**Task:** Your answer must be the exact lines of the listing below that run from the line with "the rectangular frame, with" to the line with "Deed of Variation - Employment Contract", ends included, and no pictures.
___
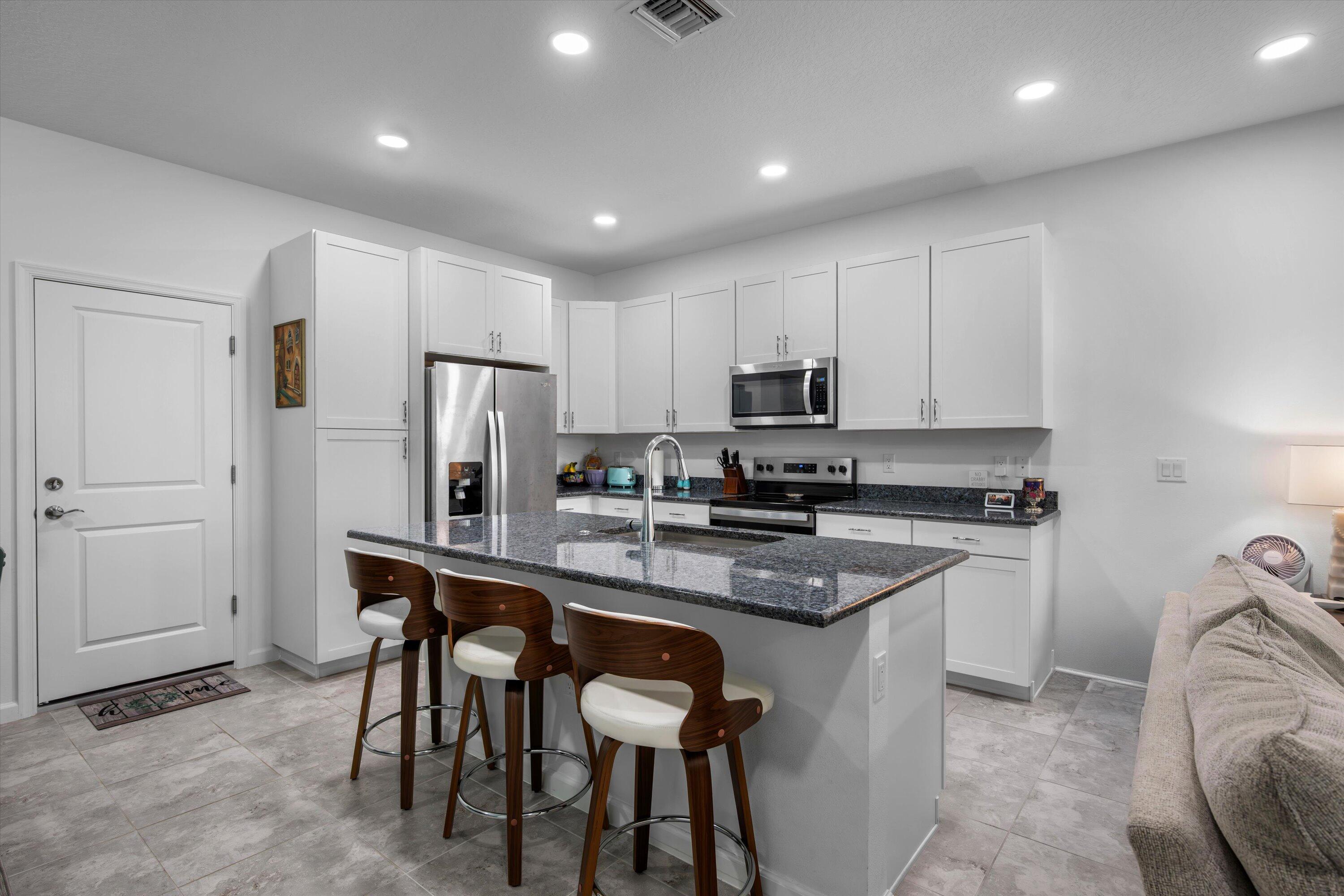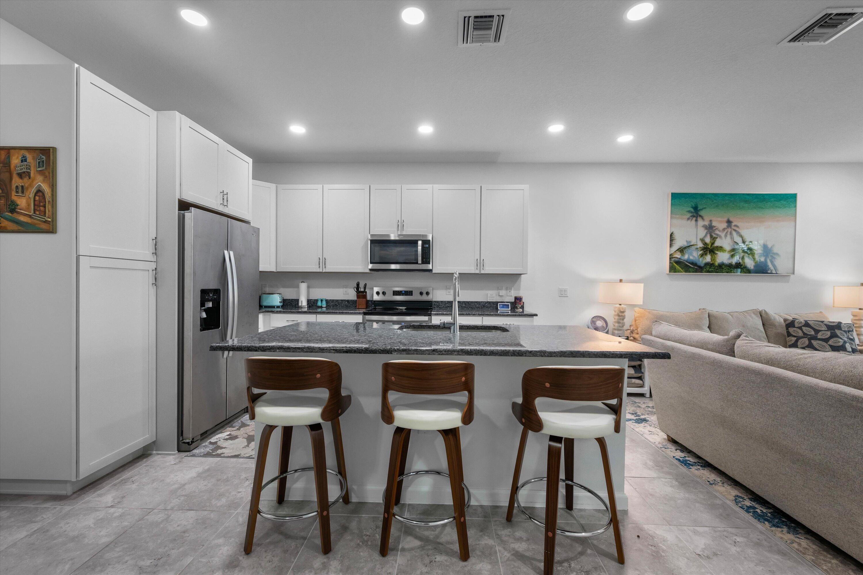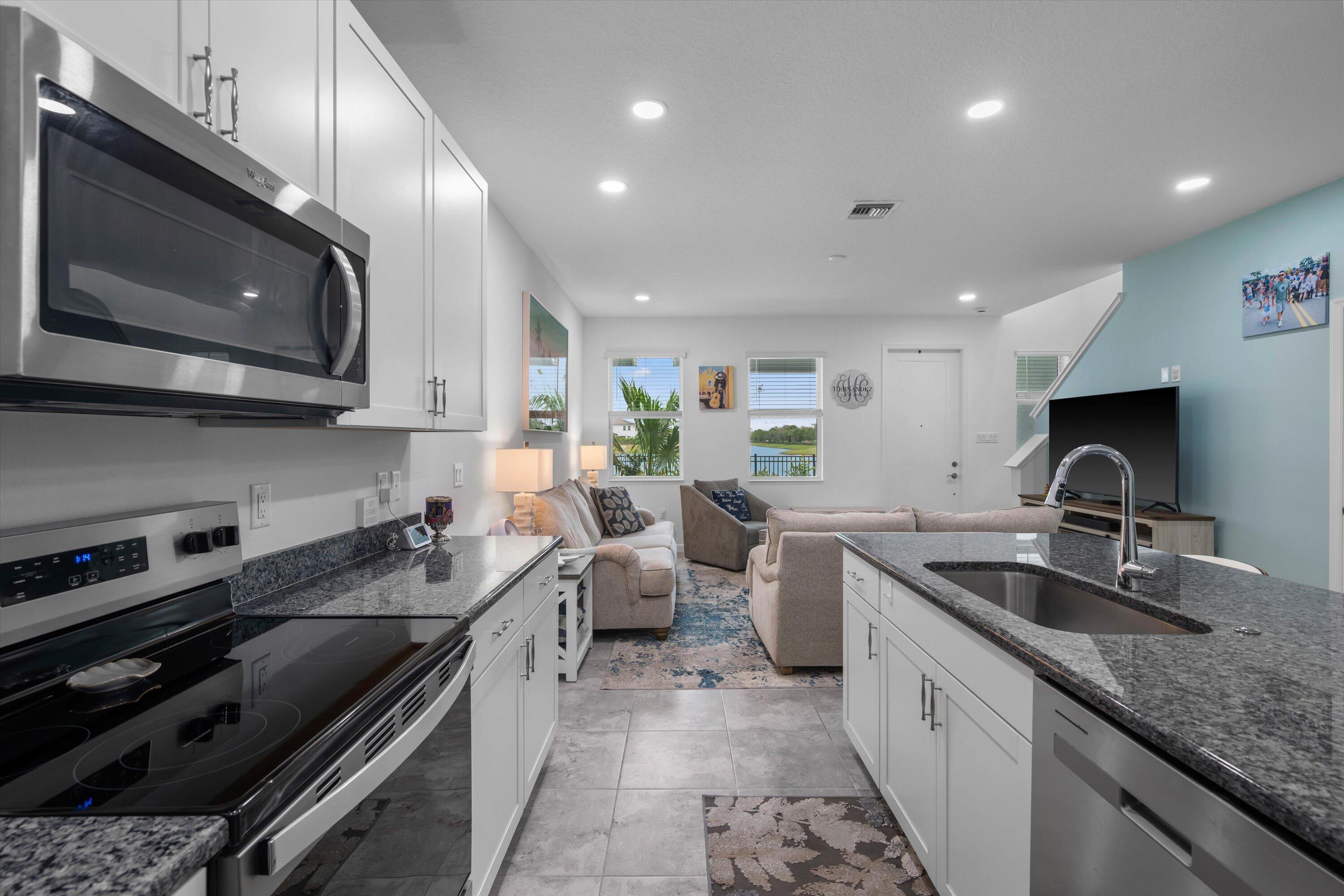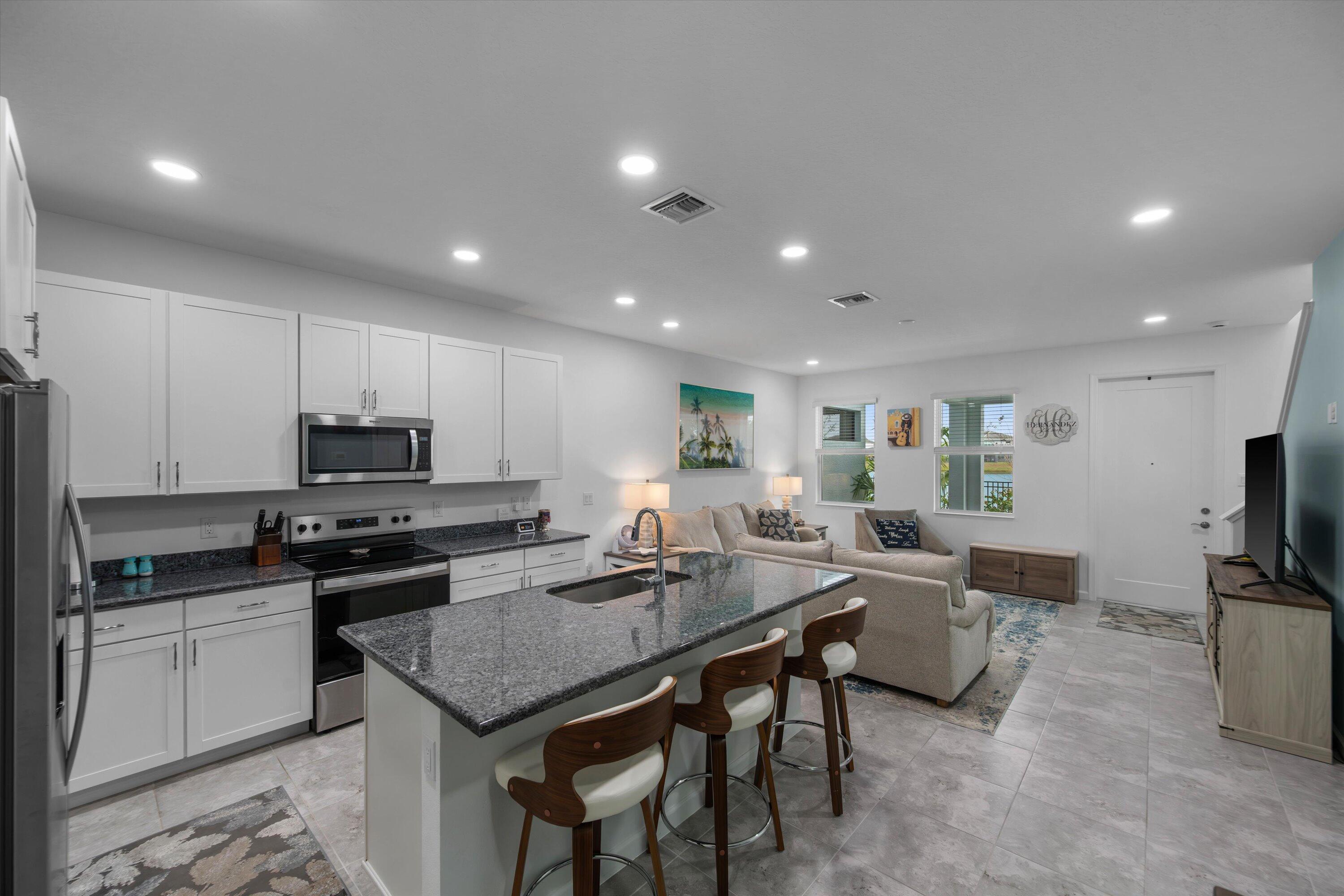 Welcome to this beautifully maintained 3-bedroom, 2.5-bath Rose townhome in the highly desirable Terraces community of Westlake! Offering 1,540 sq ft of living space plus a 2-car garage, this home welcomes you with a charming front porch--perfect for morning coffee while enjoying a stunning long lake view and breathtaking sunrises.Inside, you're greeted by a bright living room with recessed lighting and an open, functional layout. The kitchen features crisp white cabinetry, gorgeous gray-blue granite countertops, stainless steel appliances, and a large island with white shaker cabinetry and seating for threeideal for entertaining. A convenient downstairs powder bath and a designated dining area with direct access to the garage complete the first floor. Upstairs, the spacious primary suite is a true retreat with serene lake views and a private bath featuring dual sinks, granite countertops, white shaker cabinets, and a seamless glass-enclosed shower. Two additional generously sized bedrooms share a full bath with white shaker cabinetry, granite countertops, and a tub/shower combo. You'll also love the oversized upstairs laundry room with cabinetry, along with ample closet space throughout. Enjoy the Westlake lifestyle and the peaceful waterfront settingthis one checks all the boxes. Schedule your private showing today!
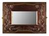 the rectangular frame, with applied and riveted copper panel with repoussé floral and foliate decoration
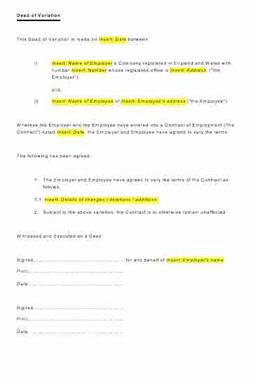 Deed of Variation - Employment Contract
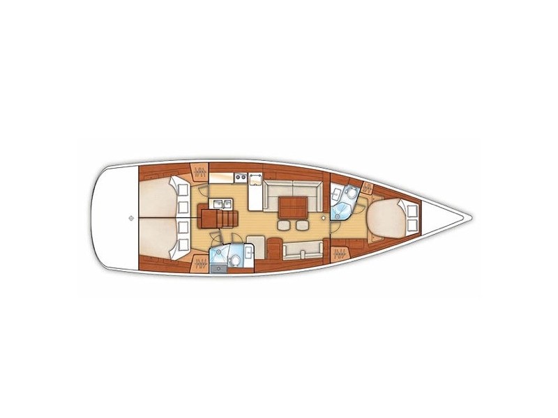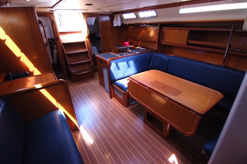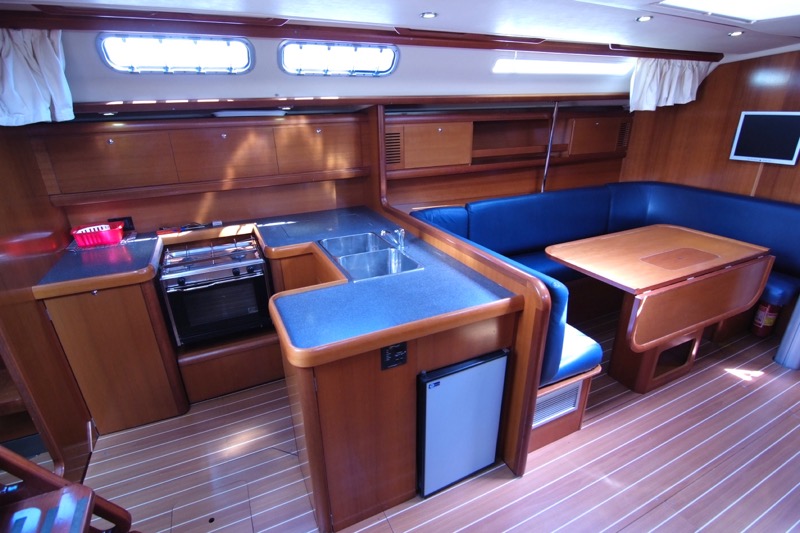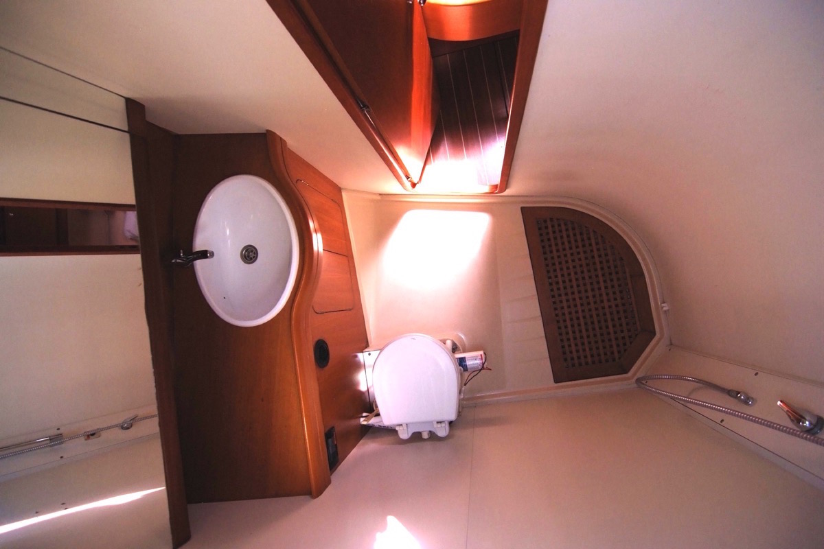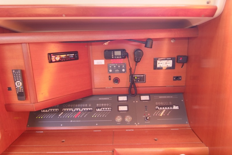 Dingy (tender), 2. Refigerator, Cockpit loudspeakers, Cockpit plotter, Coffee maker, Freezer, Radio CD/Mp3, Wi-Fi Free (1GB/week), Holding tank, Autopilot, Bilgepump handle, Bimini, Binocular, Boat hook, Bow Thruster, Bucket, Cockpit shower, Cockpit table, Depth Gauge, Electric Windlass, Emergency tiller, Fender, First aid kit, Flashlight, Fog horn, Gas bottle, Genoa Furling, GPS Chartplotter, Hand compass, Harbour directory, Hose, Lifebuoy, Life jacket, List of lights, Mast stool, Mooringsline, Oil for engine, Radio telephone, Round fender, Sea charts, Shore Power Connection, Signal rockets, Speedometer, Spray hood, Stern anchor, Tool box, Triangle,circle, WI FI, Winch handle , Wind Speed Indicator/Network Wind, Yacht documents, Rodkick, Webasto, Electrical toilet, LCD TV, Life raft, Full batten Main Sail
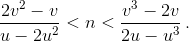 Применим теперь метод Штурма. Пусть P – среднее арифметическое чисел p(x1), p(x2), ..., p(xn). Если среди этих чисел есть неравные, то найдутся такие i, j, что p(xi) < P и p(xj) > P. Сблизим xi и xj так, чтобы сумма p(xi) + p(xj) не изменилась, а хотя бы одно из слагаемых стало равным P (это возможно ввиду монотонности и непрерывности p(x) на полуинтервале (0, ¼]). По лемме сумма q(xi) + q(xj) возрастёт. Будем повторять операцию, пока все p(xi) не станут равны P. Осталось выяснить, при каком минимальном n существуют такие u ≤ ½, v > 4, что 2(nu² + v²) < nu + v, 2(nu + v) < (nu³ + v³).
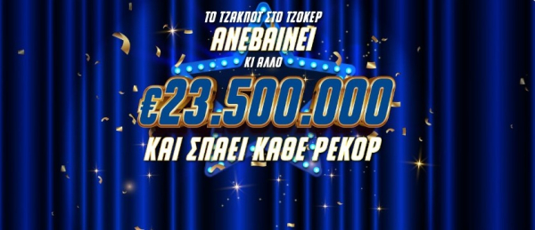 Το θερμόμετρο του ΤΖΟΚΕΡ χτυπάει «κόκκινο», με 23,5 εκατομμύρια ευρώ να περιμένουν έναν ή περισσότερους μεγάλους νικητές στην αποψινή κλήρωση. Το ποσό ρεκόρ, το οποίο έχει συγκεντρωθεί ύστερα από 42 συνεχόμενα τζακ ποτ, αποτελεί το μεγαλύτερο έπαθλο που έχει μοιράσει ποτέ το παιχνίδι στην ιστορία του.
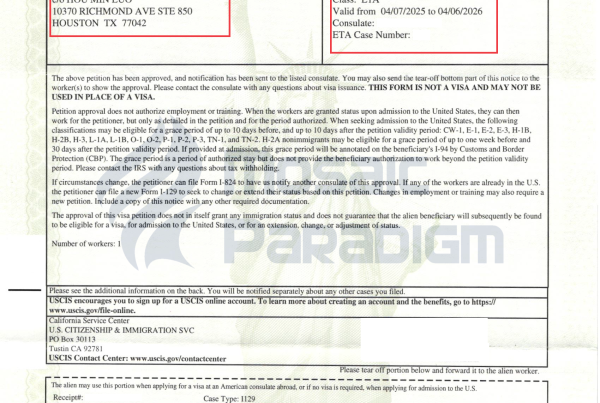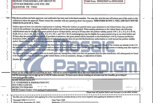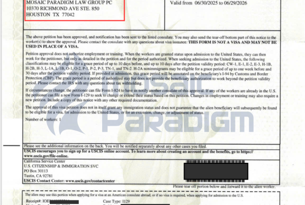 Mosaic Paradigm rất vui mừng thông báo rằng đơn I-129 diện visa L-1A của một trong những khách hàng lớn của chúng tôi đã nhận được Approval Notice từ Cơ…
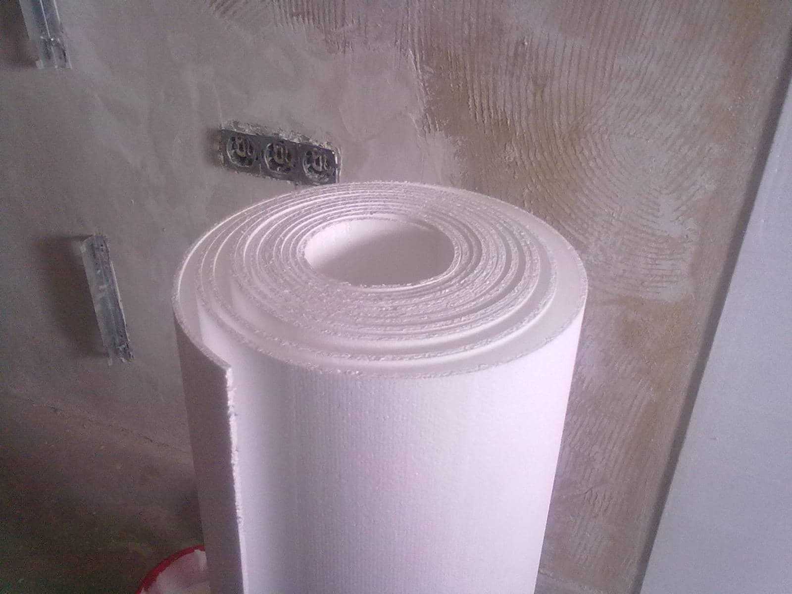 Такой вид изоляции применяют в качестве подложки там, где невозможно установить звукоизоляционные конструкции. Кроме того, он обладает теплоизоляционными свойствами, которые вполне пригодны для внутренних стен зданий. Также такой тип основы хорошо скрывает дефекты стен за счет свой толщины.
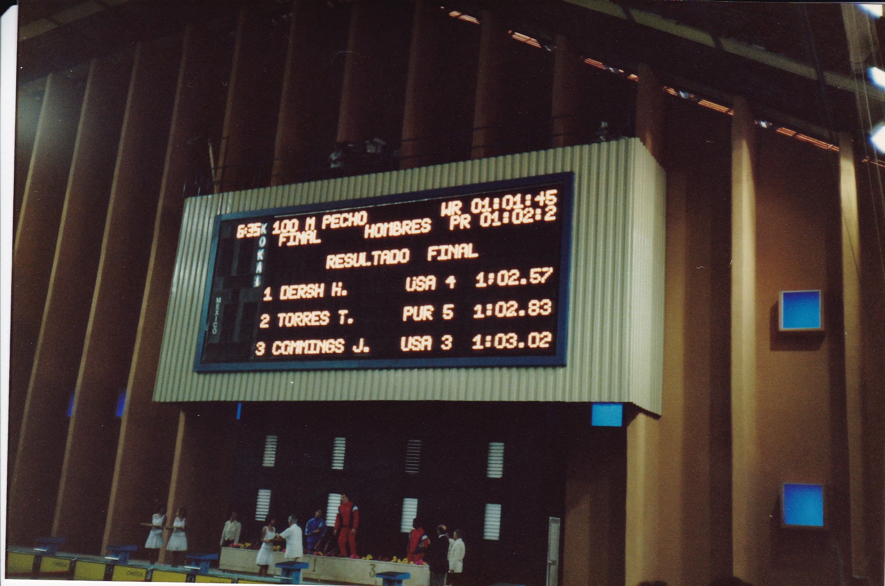 100 breast final at 1991 Pan American Games (Commings in third lane from top of screen)
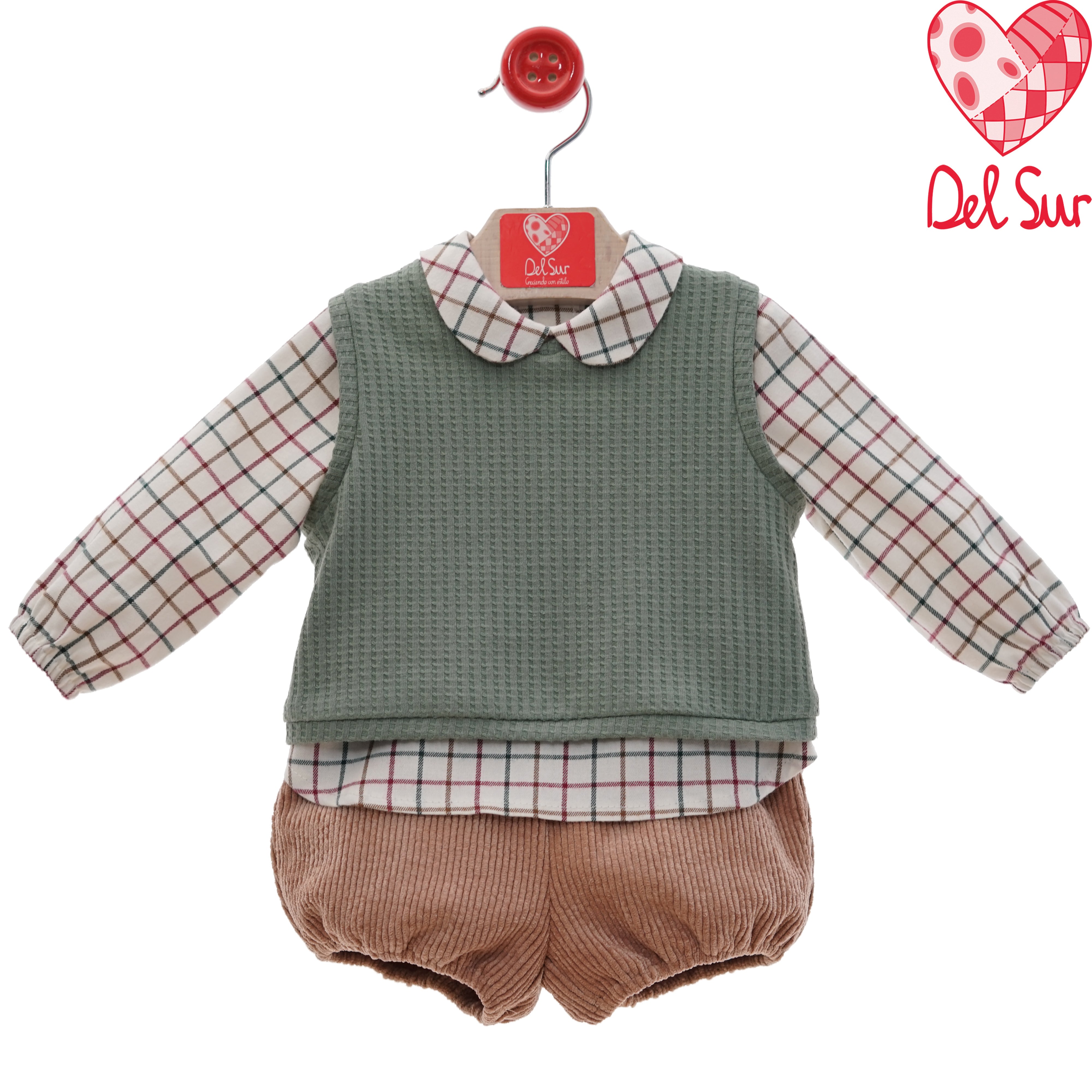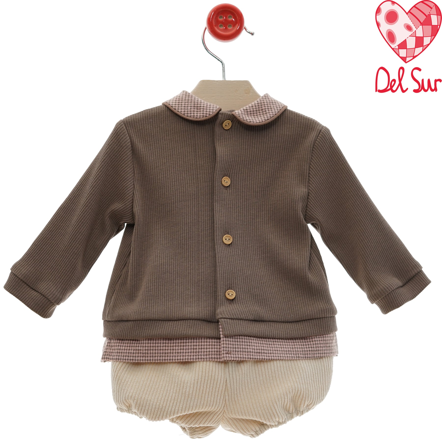 Completo composto da maglia con finta camicia a quadretti e pantaloncino modello culotte in velluto rocciatore beige. La maglia si abbottona sul retro con bottoni effetto legno.
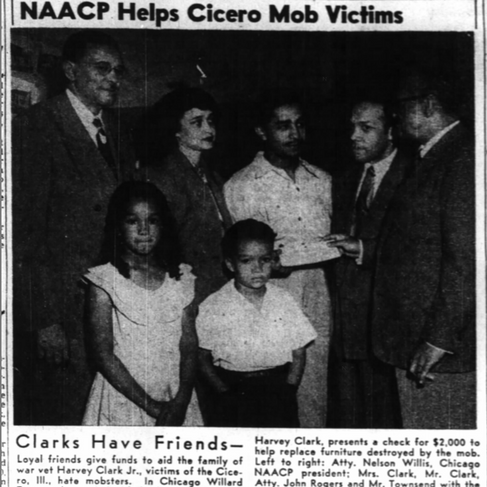 In July 1951, over 4,000 white people and 60 members of the Cicero Police Department in Illinois attacked an apartment building because a Black war veteran named Harvey E. Clark Jr., his wife, Johnetta, and their family moved in. Women, men, and teens caused $20,000 in damages and firebombed the building.
___
**Solution for this task:**
 the rectangular frame, with applied and riveted copper panel with repoussé floral and foliate decoration
 Deed of Variation - Employment Contract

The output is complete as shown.